- Reading: 117 books to 9 Dec 2025.
Current reading quote:
"Time passes. It passes.
It passes. It scores."
100. The Possibility of Tenderness, by Jason Allen-Paisant, 2025, non-fiction autobiography and botany (nature, lol), 5/5
Personal memoir as community social history, very readable prose, relates several subjects together (including the relationship between those who profiteered from slavery in Jamaica and then profiteered from selling all their slaves to the British taxpayer and then profiteered by using the British taxpayer's money to buy up and exploit common land or other land traditionally lived and worked on by the rural working classes in Britain, and so having ejected freed slaves from their homes in Jamaica proceeded to use the profit to eject working class people from their homes and livelihoods in Britain).
Brought back memories of my childhood, including rural working class people feeding ourselves from our own land (and freely distributing surplus to those in need in our communities), and my local shop being a wooden roadside shack that sold newspapers and tobacco and sweets.
So many possible quotes from this, but: "Sir, I'm glad to see you here; it means everything to me."
My one criticism is that Allen-Paisant doesn't allow science enough credit for recognising biochemical(-electrical-vibrational) communications between plants and animals.
101. Lost to the Sea, by Lisa Woollett, 2024, non-fiction geography and history and travel, 5/5
A social history of human settlements around the coastline of the British Isles (including Ireland) that have been "lost to the sea" by coastal erosion, flooding, and sand dunes, from prehistory to today. Not comprehensive but each chapter covers a different type of situation. Quote: "picknickers" is a choice of spelling, lol.

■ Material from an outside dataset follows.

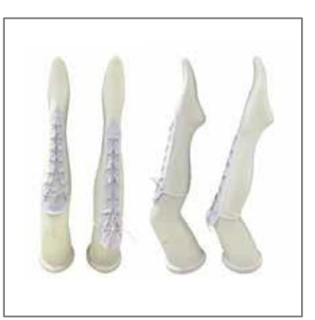
Foot Spats White Colors: Red, White, Black, Pink, Blue, Green, Orange, Yellow, Aqua

105. The Country of the Pointed Firs, by Sarah Orne Jewett, 1896, slice of life novel, 3.5/5
My favourite part was the extended pen-portrait of Mrs Todd, especially Mrs Todd the herbalist. I also thought the retired sea captain's immram tale was an interesting choice of genre. But the thing that makes these nostalgic USian settler narratives fail for me is the conspiracy of silence that they sign up to about the genocide of Native Americans / First Nations / Indigenous people. Jewett describes evidence of an "Indian" settlement and artifacts found on Shell-Heap Island (the shell-heap is an old midden), and that local white people collect these "relics"/"remains", and even repeats local legends about Native Americans from the area (the island landing is difficult to navigate so there is an implied level of boating skill in local cultures), and... that's it: the "Indians" were living there and now they're not and there's NO commentary about that at all - not one word - which is contrary to Jewett's anthropological curiosity about every other detail of local life. When USians say they have "no history" what they mean is that they don't want to remember the history they do have. It's such a creepy conspiracy of silence amongst otherwise engaged and curious people. Oh, and the "Indians" are only mentioned in relation to the currently uninhabited Shell-Heap Island and not anywhere white people now live - gee, I wonder why....
Quotes:
- [Mrs Fosdick, expurgated] "'T was 'counted a great place in old Indian times; you can pick up their stone tools 'most any time if you hunt about."
- [Mrs Todd describing her cousin-in-law Joanna Todd] "[...] she asked if he had any interest about the old Indian remains, and took down some queer stone gouges and hammers off of one of her shelves and showed them to him same's if he was a boy. He remarked that he'd like to walk over an' see the shell-heap; so she went right to the door and pointed him the way."
- [Captain Bowden] "I didn't know but you merely wanted to hunt for some o' them Indian relics."